People are moving to North Carolina, but opting not to live in downtown areas, data shows

Samantha Kummerer Image
BySamantha Kummerer WTVD logo
Tuesday, February 28, 2023
People are moving to North Carolina, but not to downtowns
Nearly 4.2 million households and businesses changed their postal address to North Carolina between 2018 and 2022.

RALEIGH, N.C. (WTVD) -- During the past five years, new businesses and residents have flocked to North Carolina.

Nearly 4.2 million households and businesses changed their postal address to North Carolina between 2018 and 2022, according to an ABC OTV Data Team analysis.

The analysis reviewed change-of-address forms submitted by the United States Postal Service to track the inbound and outbound movement across the country. While the data represents households or businesses rather than population; it does give insight into the movement of people throughout the country before, during, and after the height of the pandemic.

While nearly 4.2 million changed their address to a North Carolina location, millions also left the state. Overall, the state reported a net increase of around 70,000 households and businesses.

The metro area around Raleigh reported the second-highest net growth in the state; behind Charlotte.

"Raleigh is one of those places where when you look at it, it really just draws you in. It's so pretty with all of the nature around but then you also can get that city feel without actually being in a huge city," said Raleigh resident Morgan Duerden.

When Duerden wanted to leave Texas last year she was considering three main places.

"We really were looking at a ton of different places. We had our top choices Nashville, Tennessee, was one of them, and then Raleigh and Virginia, and really ultimately, Raleigh was our No. 1 choice," she said.

The wider Raleigh area gained nearly 40,000 households and businesses between 2018 and 2022.

Derrick Thornton, a Wake County Realtor with Coldwell Banker Advantage, said about 40% of the homeowners he works with are from out of state.

"Surprisingly, a lot of times I've had situations where people really just looked on a map and said, 'Hey, where's a good place to move or it's a popular place? And they landed on here,'" Thornton said.
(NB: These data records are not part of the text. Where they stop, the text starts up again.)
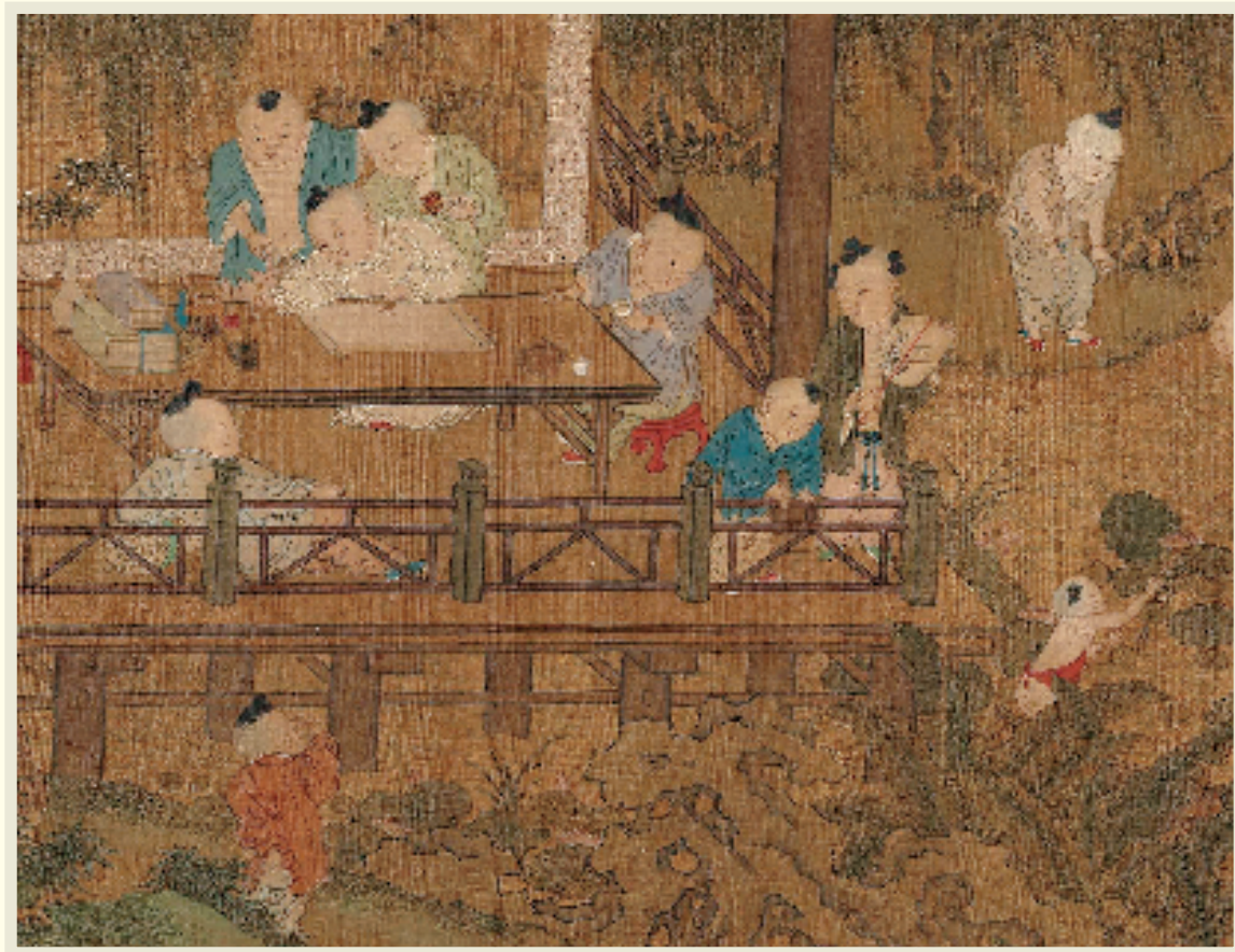
苏汉臣 长春百子图（夏景部分亭台局部）
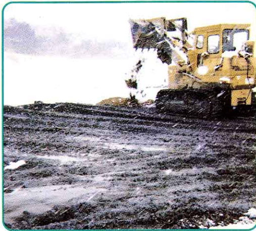
④ もえないごみのうめたて地

古くなった自転車やわれたガラス・清掃プラントでもえのこったはいなどがうめたてられています。
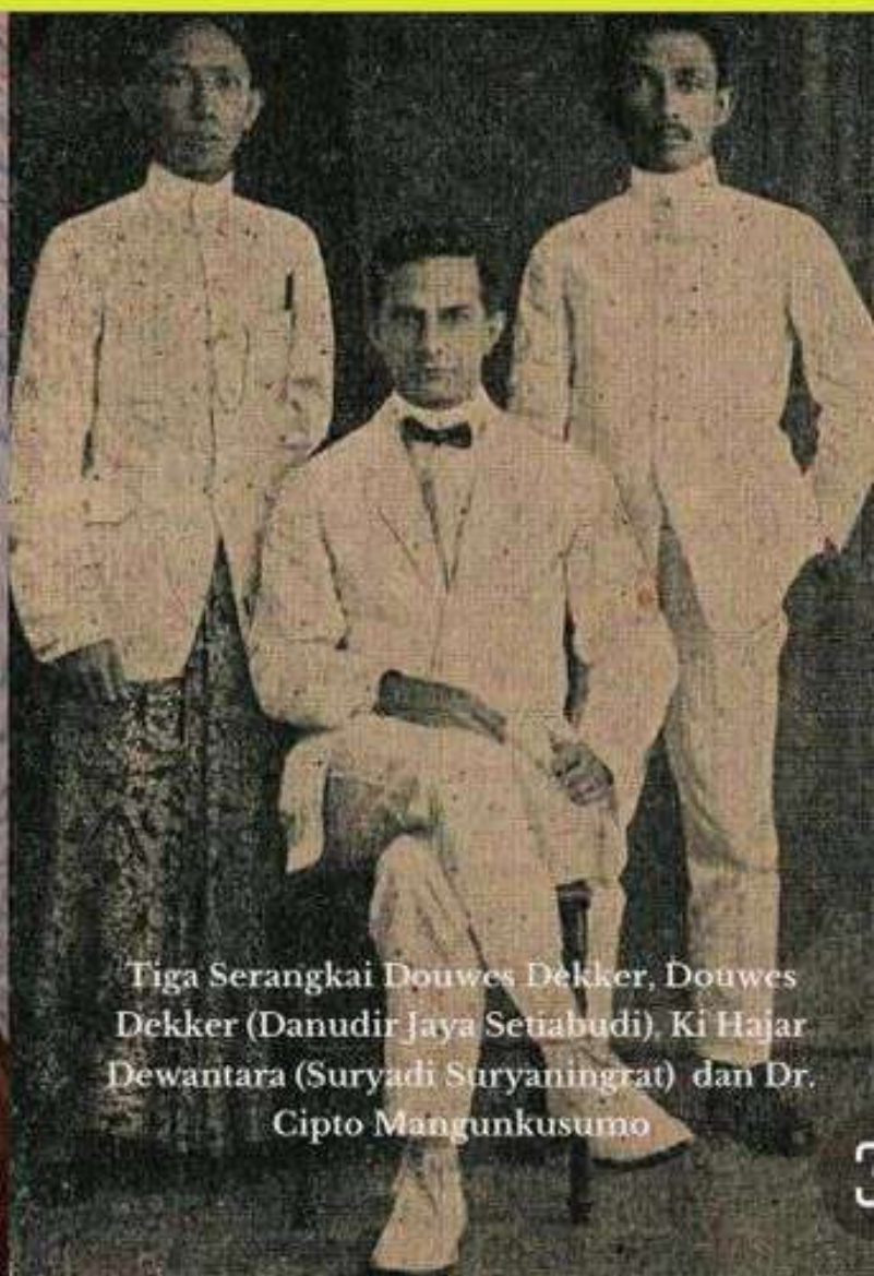
Tiga Serangkai Douwes Dekker, Douwes Dekker (Danudir Jaya Setiabudi), Ki Hajar Dewantara (Suryadi Suryaningrat) dan Dr. Cipto Mangunkusumo
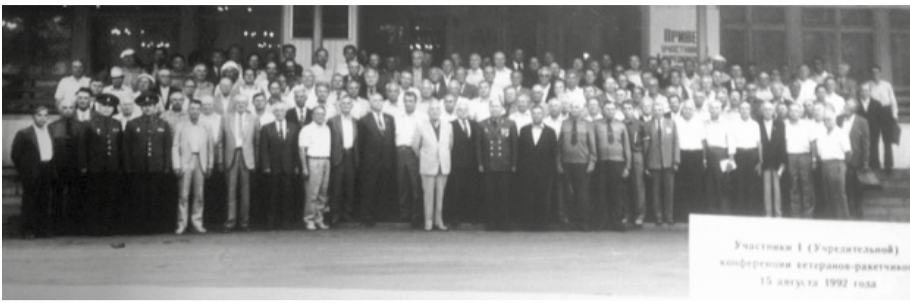
Участники 1-й (Учредительной) конференции 15 августа 1992 года, Дом офицеров РВСН, г. Одинцово-10

Ход конференции освещался корреспондентами газеты «Красная Звезда», журнала «Человек и космос», радиостанцией «Маяк» и др.
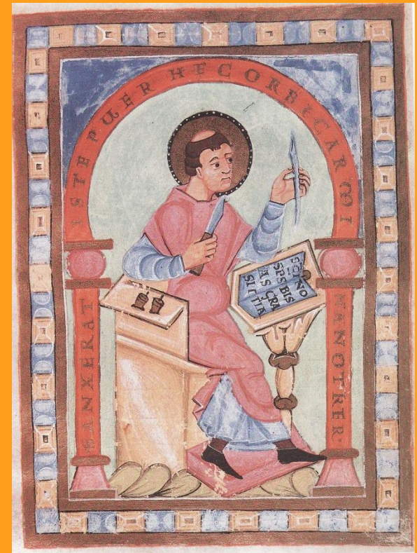
Notker Balbulus jako písař
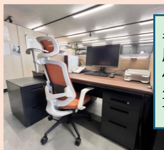
各デスクにはパーテーションを設置し、周囲を気にせず集中できるワークスペースを確保。リラックスしながらも生産性の高い環境を実現しています。
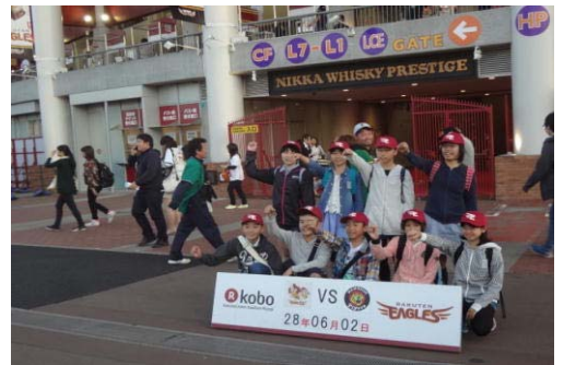
楽天ファイトー！（コボスタ①）

This was very similar to Duerden's approach, but while she chose Raleigh, she said she never considered living downtown.

"That wasn't on the top of my list to live at; there were a couple of reasons. One, yes, the prices are high," she said. "Also, the land you get for your money ....I love being able to have a backyard and being outside when it's nice. And I just feel like downtown you don't have that opportunity," she said.

The data shows that while the wider Raleigh area is growing, the areas closest to the downtown actually reported a net loss in addresses.

The 27606 ZIP Code in southwest Raleigh reported a net loss of about 8,000 households and businesses during the past five years.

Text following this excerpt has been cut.